GIVEN MATERIAL section start

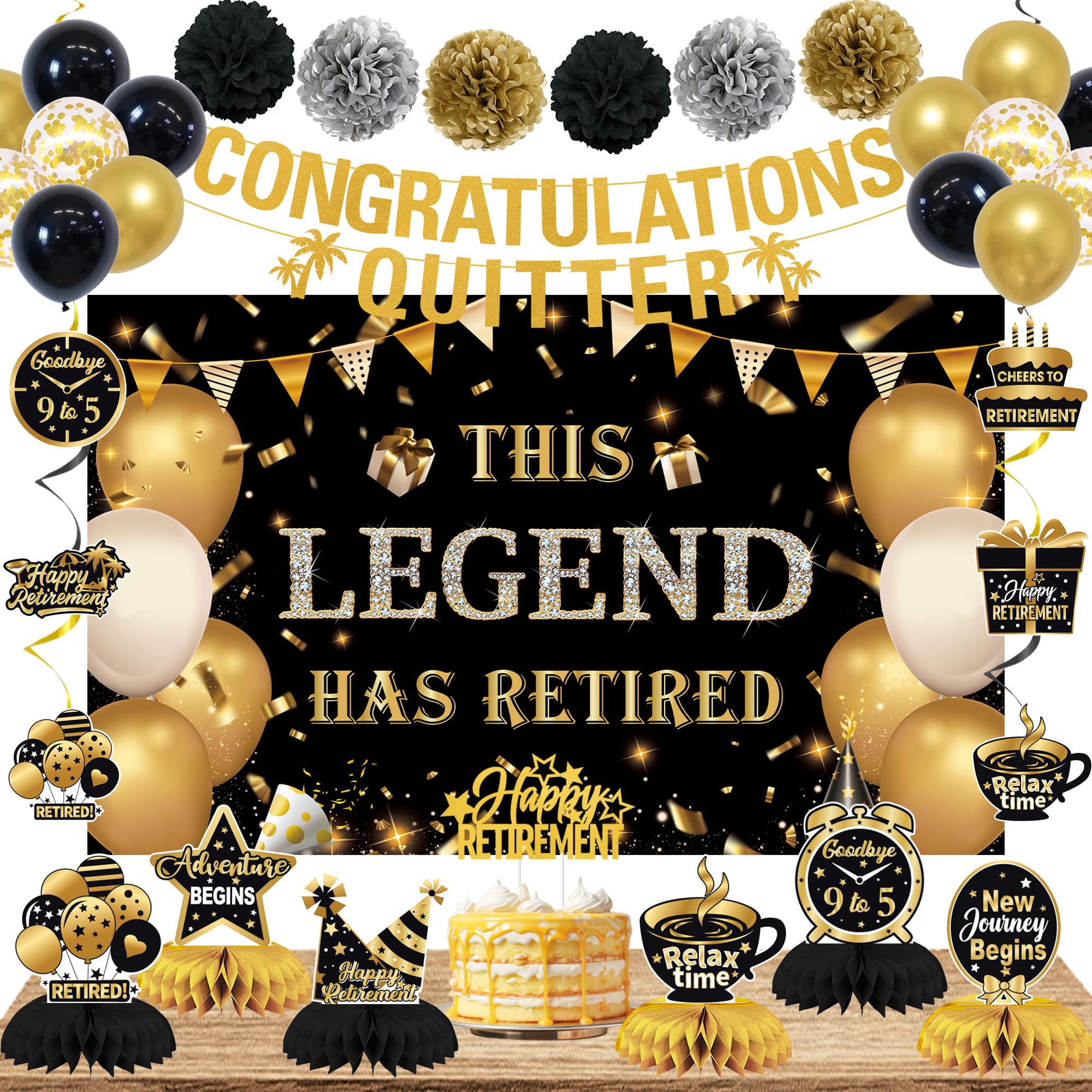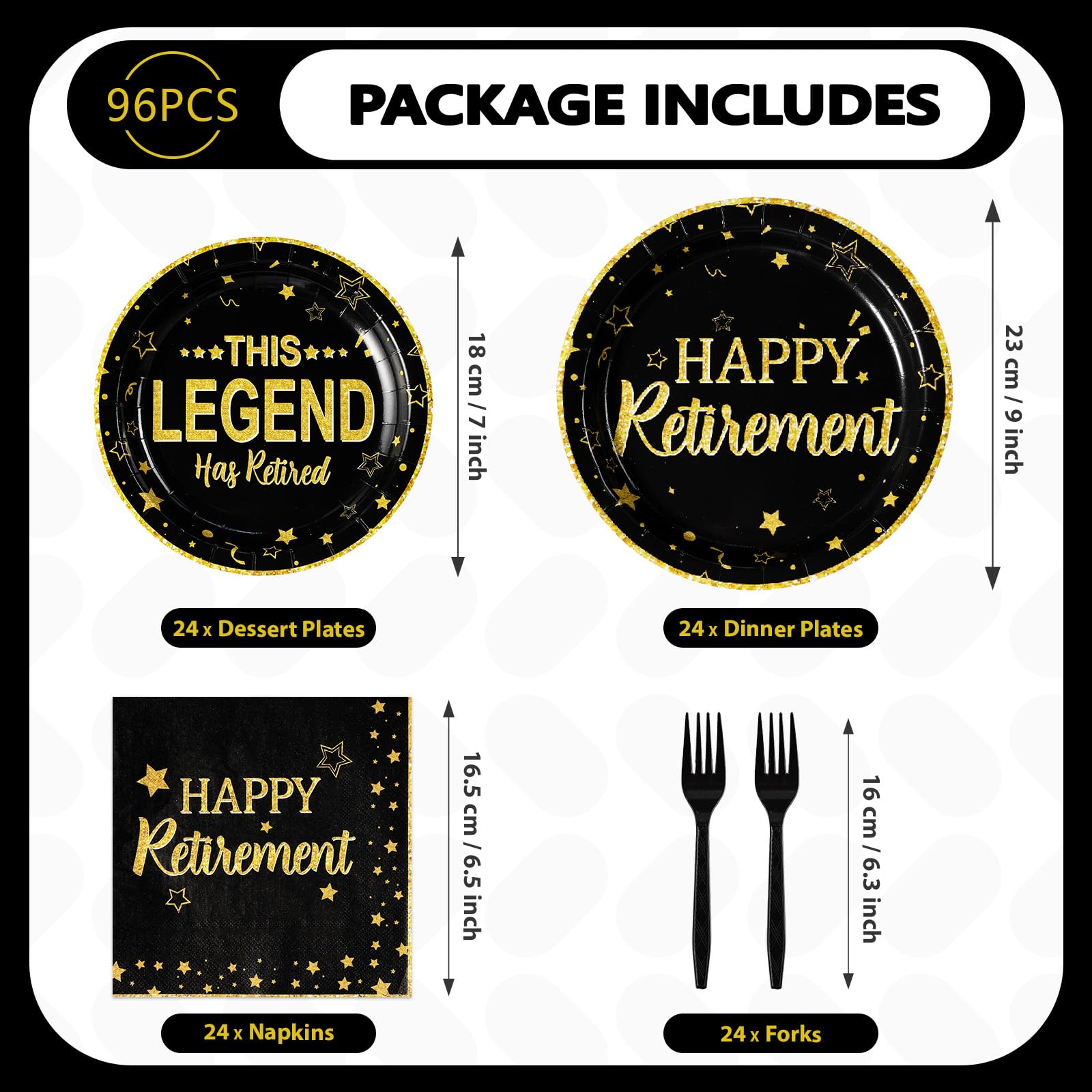 Sophisticated Retirement-Themed Design: Crafted with a sleek black and gold color scheme, this dinnerware set elevates retirement celebrations with elegant, minimalist flair. Each 9" and 7" plate features bold, metallic lettering: “Happy Retirement" and “This Legend Has Retired," while the 6.5" napkins repeat the celebratory “Happy Retirement" motif. The cohesive design ensures a polished look for tablescapes, photo backdrops, or buffet setups, making it ideal for honoring retirees in style
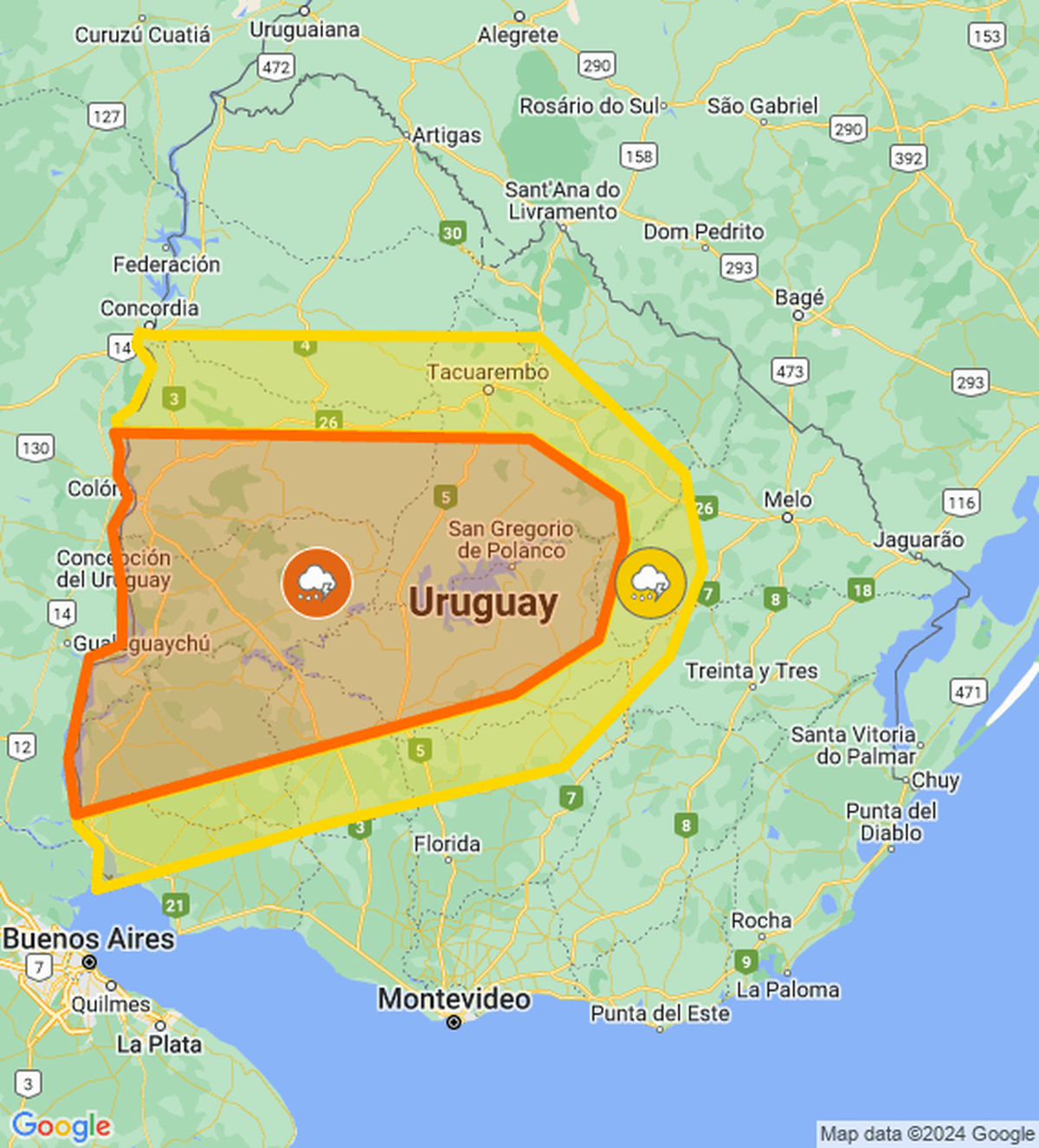 El Instituto Uruguayo de Meteorología actualizó la doble alerta por persistencia de tormentas y lluvias. Ahora rige hasta las 16:30 o hasta que el instituto informe cambios.
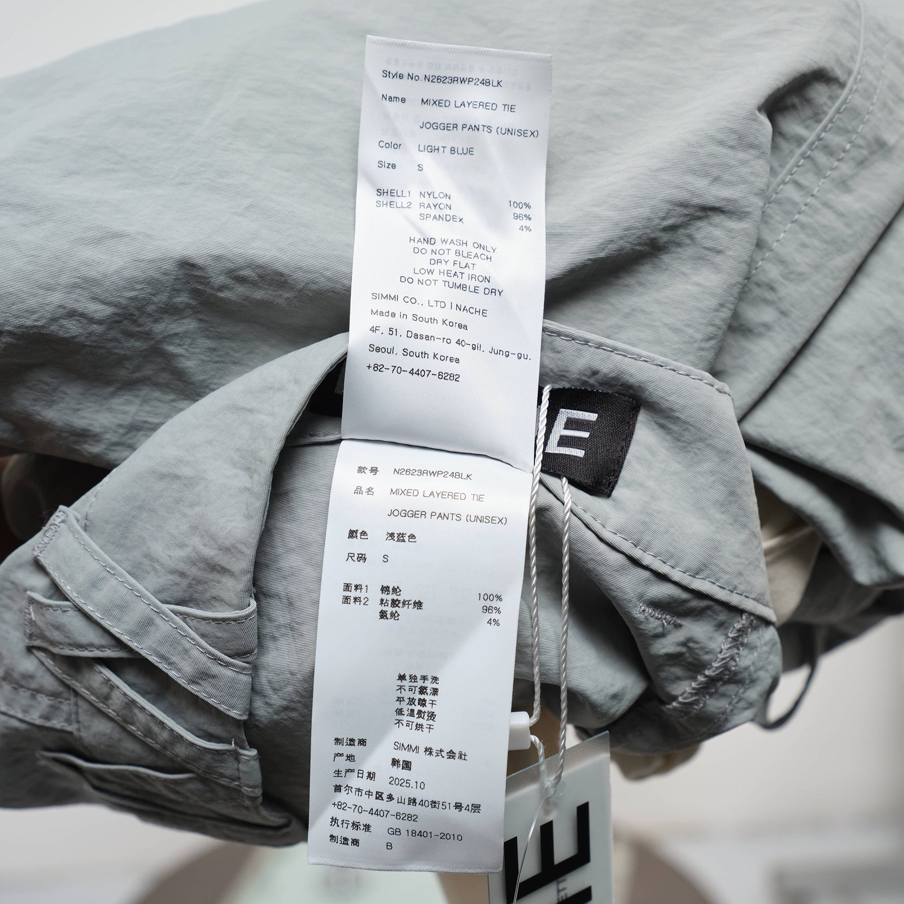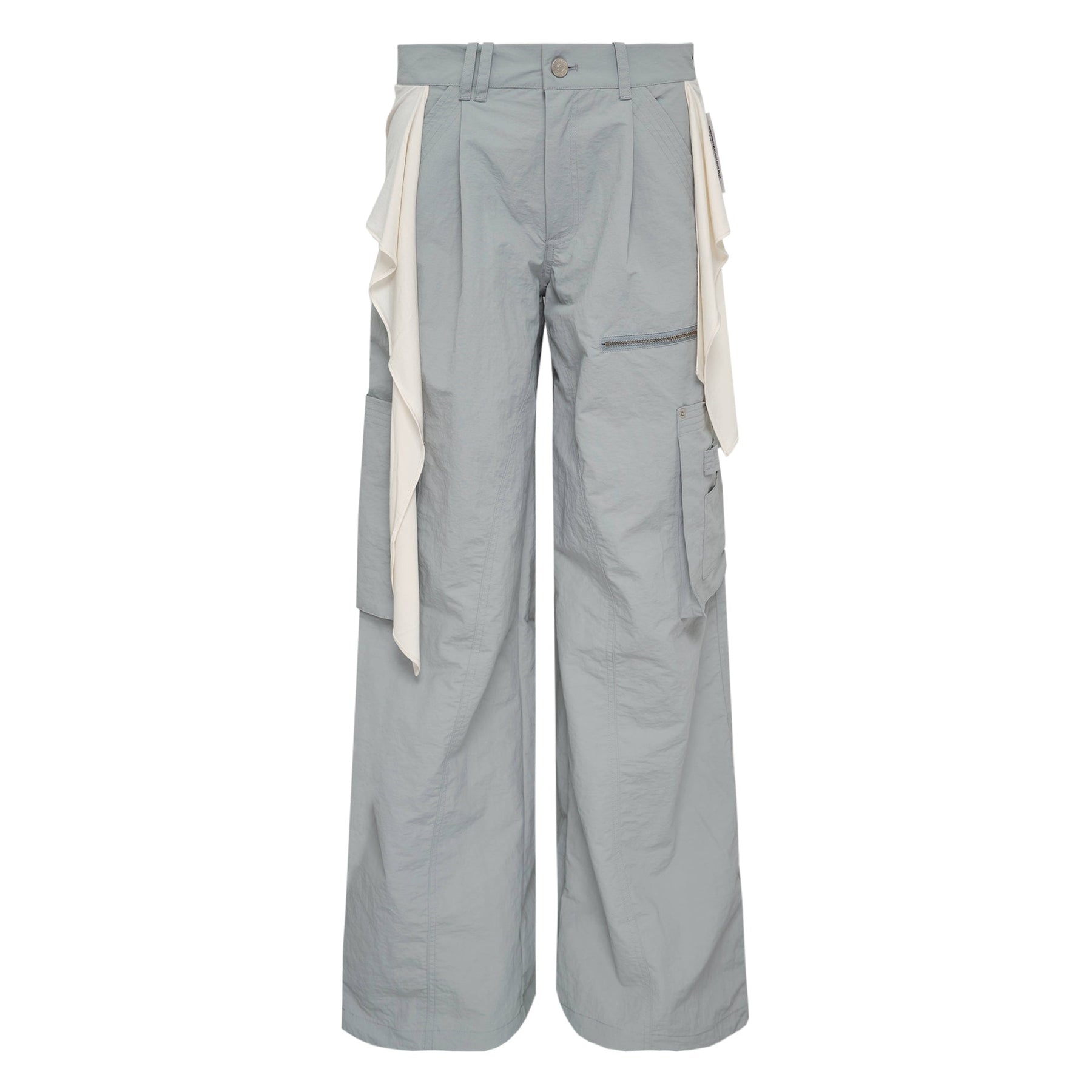 NACHE Mixed Layered Tie Jogger Pants deliver contemporary streetwear with architectural layering and adjustable styling elements. Crafted from lightweight cotton blend in soft sage green, featuring contrasting cream tie details and multiple cargo pockets throughout. The relaxed wide-leg silhouette and removable tie accents create versatile styling options for modern wardrobes.

GIVEN MATERIAL section end

• TASK: Reproduce the listing word for word, but keep the pictures out of it.

• WRITTEN REPLY:
 Sophisticated Retirement-Themed Design: Crafted with a sleek black and gold color scheme, this dinnerware set elevates retirement celebrations with elegant, minimalist flair. Each 9" and 7" plate features bold, metallic lettering: “Happy Retirement" and “This Legend Has Retired," while the 6.5" napkins repeat the celebratory “Happy Retirement" motif. The cohesive design ensures a polished look for tablescapes, photo backdrops, or buffet setups, making it ideal for honoring retirees in style
 El Instituto Uruguayo de Meteorología actualizó la doble alerta por persistencia de tormentas y lluvias. Ahora rige hasta las 16:30 o hasta que el instituto informe cambios.
 NACHE Mixed Layered Tie Jogger Pants deliver contemporary streetwear with architectural layering and adjustable styling elements. Crafted from lightweight cotton blend in soft sage green, featuring contrasting cream tie details and multiple cargo pockets throughout. The relaxed wide-leg silhouette and removable tie accents create versatile styling options for modern wardrobes.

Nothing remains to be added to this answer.